Mar 23, 2017 12:06:31 PM (7 years ago)

Author:

beidson@apple.com

Message:

WebSQL databases should not openable in private browsing.
<rdar://problem/30383335> and ​https://bugs.webkit.org/show_bug.cgi?id=170013

Reviewed by Alex Christensen.

Source/WebCore:

Test: storage/websql/private-browsing-open-disabled.html

• Modules/webdatabase/DatabaseManager.cpp:

(WebCore::DatabaseManager::openDatabaseBackend):
(WebCore::DatabaseManager::tryToOpenDatabaseBackend): Throw an exception if in private browsing.

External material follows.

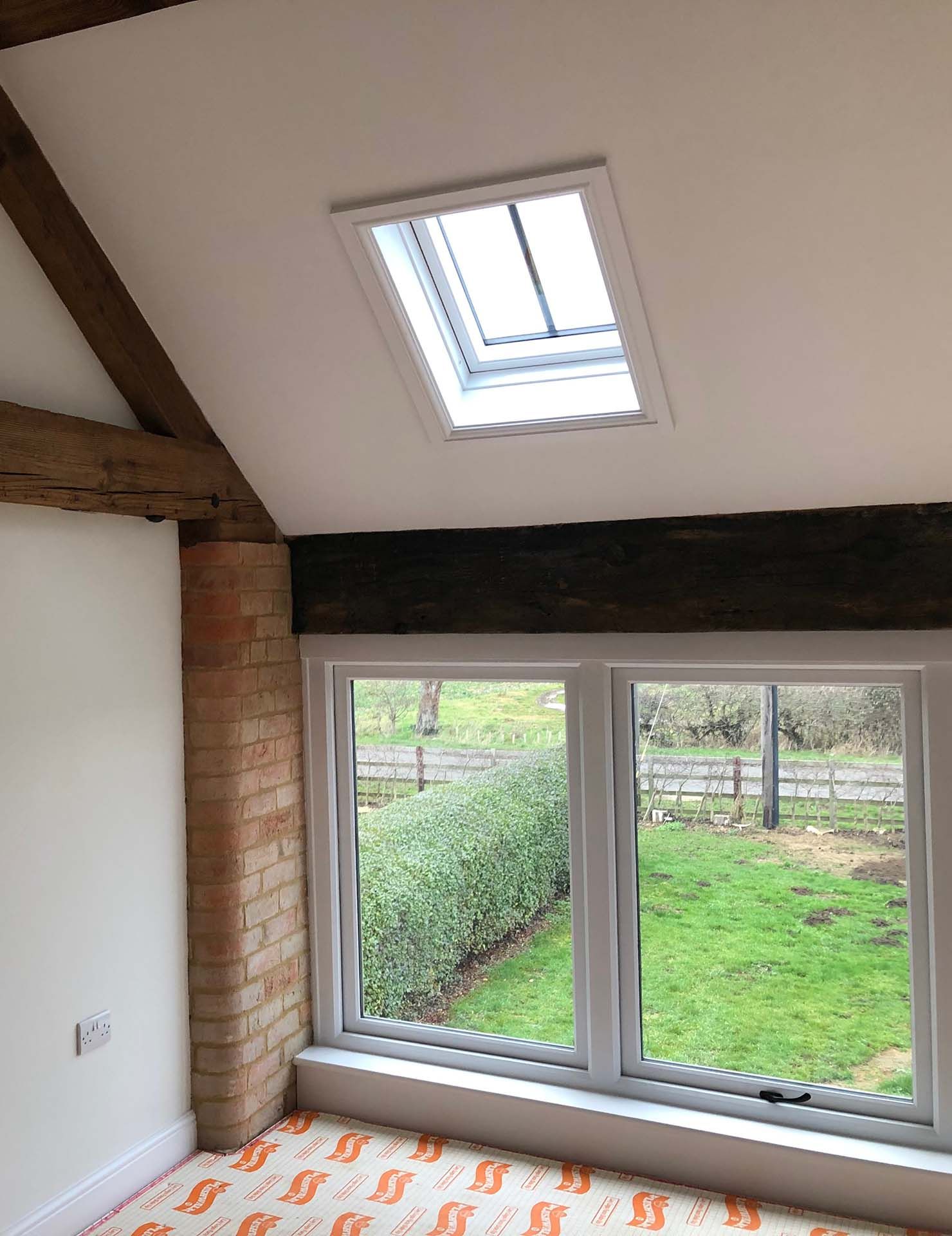 The building was completely re-pointed using lime mortar with any badly damaged bricks replaced with reclaimed bricks, the timber roof was completely made from scratch by our talented craftsmen with the existing queen post trusses fully refurbished, with new clay pantiles as covering. Our newly opened bespoke timber workshop made all of the sapele hardwood external windows and doors, the walls, floors and ceilings were fully insulated and plastered to give a modern, clean feel to the property with quirky exposed traditional features.

• Modules/webdatabase/DatabaseManager.h:

LayoutTests:

• storage/websql/private-browsing-open-disabled-expected.txt: Added.
• storage/websql/private-browsing-open-disabled.html: Added.

Location:

trunk

Files:

• LayoutTests/ChangeLog (modified) (1 diff)
• LayoutTests/storage/websql/private-browsing-open-disabled-expected.txt (added)
• LayoutTests/storage/websql/private-browsing-open-disabled.html (added)
• Source/WebCore/ChangeLog (modified) (1 diff)
• Source/WebCore/Modules/webdatabase/DatabaseManager.cpp (modified) (4 diffs)
• Source/WebCore/Modules/webdatabase/DatabaseManager.h (modified) (1 diff)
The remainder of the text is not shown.